# [Source data]
=== Begin Enclosure ===

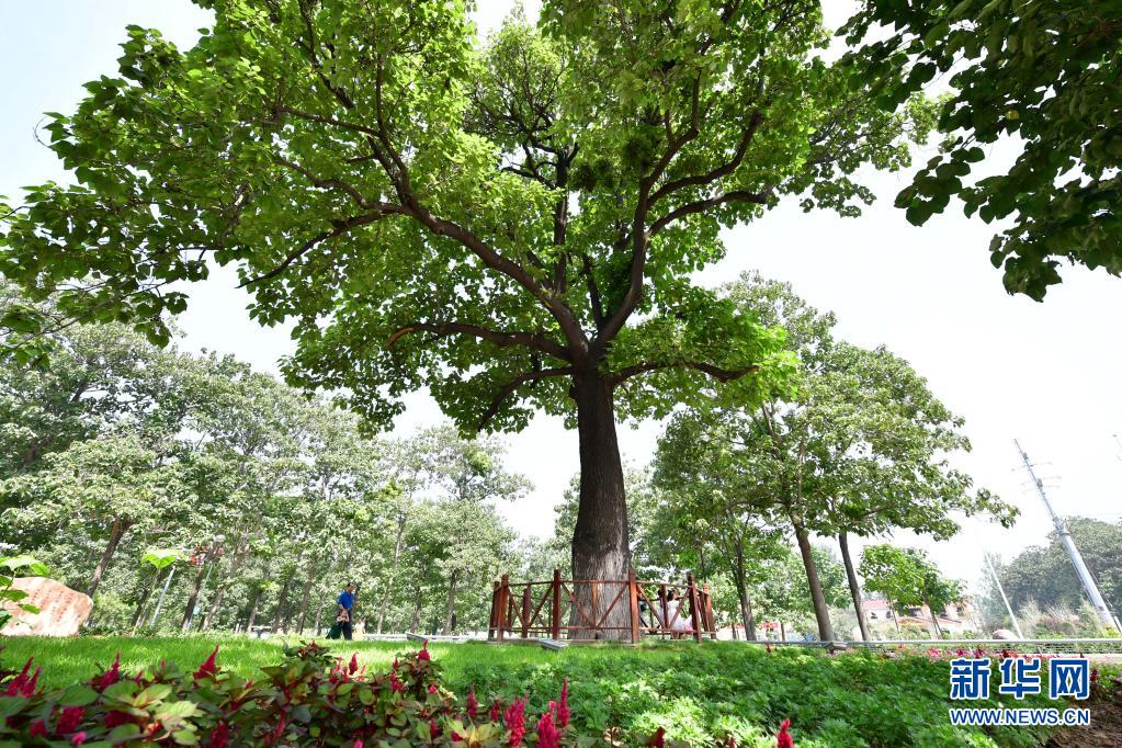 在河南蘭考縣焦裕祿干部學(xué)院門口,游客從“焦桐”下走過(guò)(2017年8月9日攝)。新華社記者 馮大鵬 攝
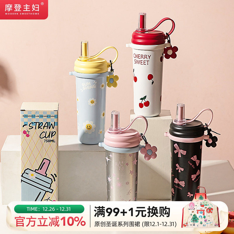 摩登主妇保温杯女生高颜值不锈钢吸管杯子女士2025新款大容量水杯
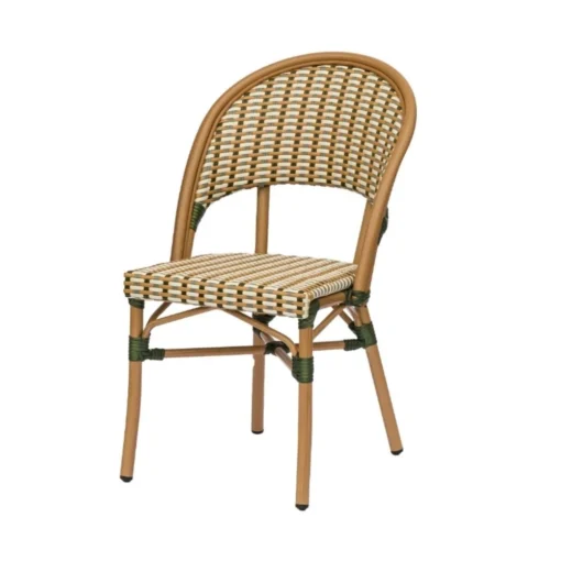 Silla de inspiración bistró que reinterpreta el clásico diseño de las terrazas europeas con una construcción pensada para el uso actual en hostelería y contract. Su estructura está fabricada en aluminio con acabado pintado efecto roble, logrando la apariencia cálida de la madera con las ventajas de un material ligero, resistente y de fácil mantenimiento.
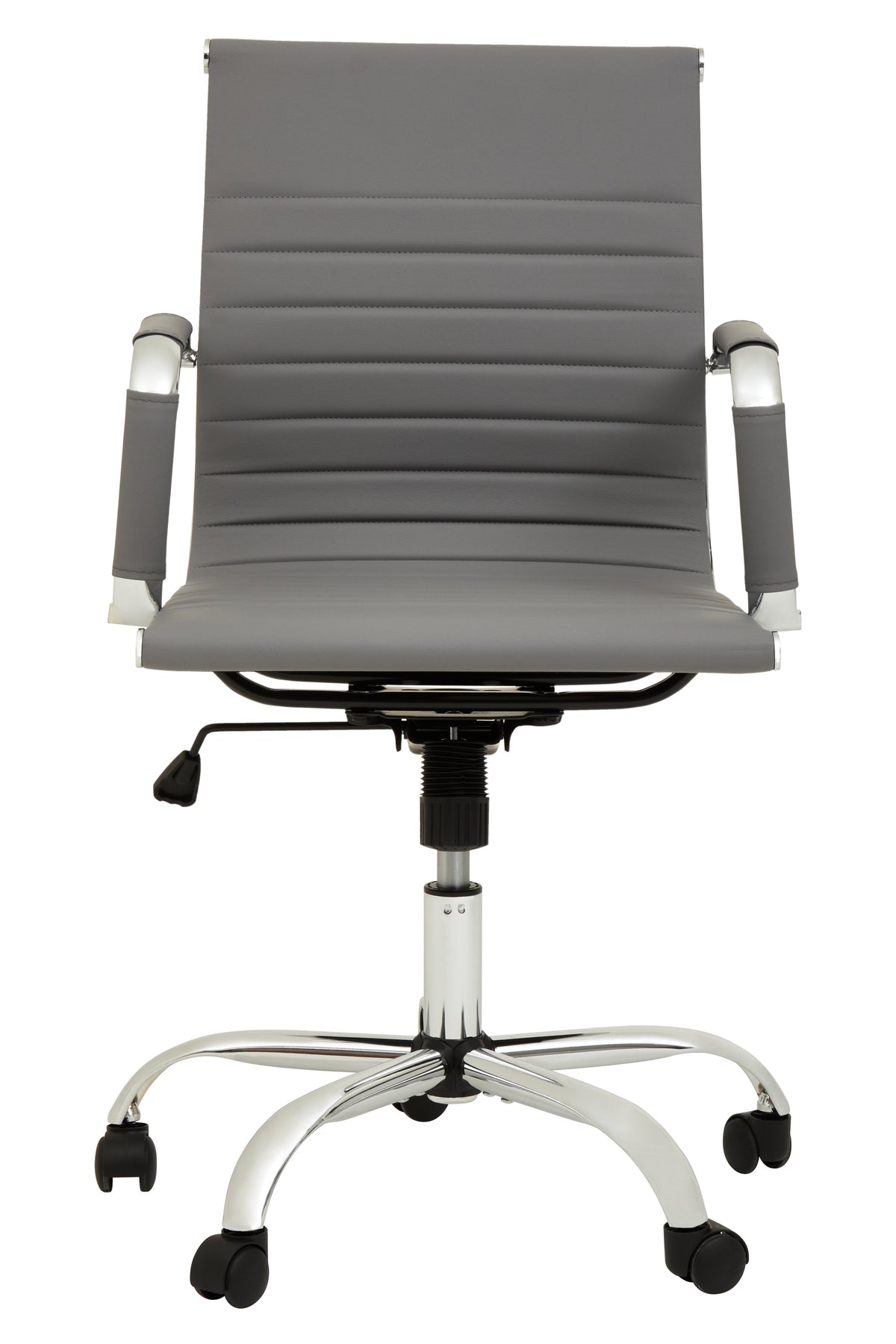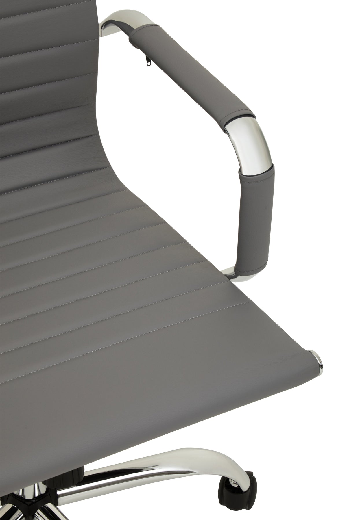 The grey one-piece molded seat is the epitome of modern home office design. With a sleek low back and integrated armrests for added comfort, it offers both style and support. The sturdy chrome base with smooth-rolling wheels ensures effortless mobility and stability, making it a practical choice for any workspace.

=== End Enclosure ===

# [What you need to do]
Repeat the material above verbatim. Leave the pictures behind.

# [Exercise solution]
 在河南蘭考縣焦裕祿干部學(xué)院門口,游客從“焦桐”下走過(guò)(2017年8月9日攝)。新華社記者 馮大鵬 攝
 摩登主妇保温杯女生高颜值不锈钢吸管杯子女士2025新款大容量水杯
 Silla de inspiración bistró que reinterpreta el clásico diseño de las terrazas europeas con una construcción pensada para el uso actual en hostelería y contract. Su estructura está fabricada en aluminio con acabado pintado efecto roble, logrando la apariencia cálida de la madera con las ventajas de un material ligero, resistente y de fácil mantenimiento.
 The grey one-piece molded seat is the epitome of modern home office design. With a sleek low back and integrated armrests for added comfort, it offers both style and support. The sturdy chrome base with smooth-rolling wheels ensures effortless mobility and stability, making it a practical choice for any workspace.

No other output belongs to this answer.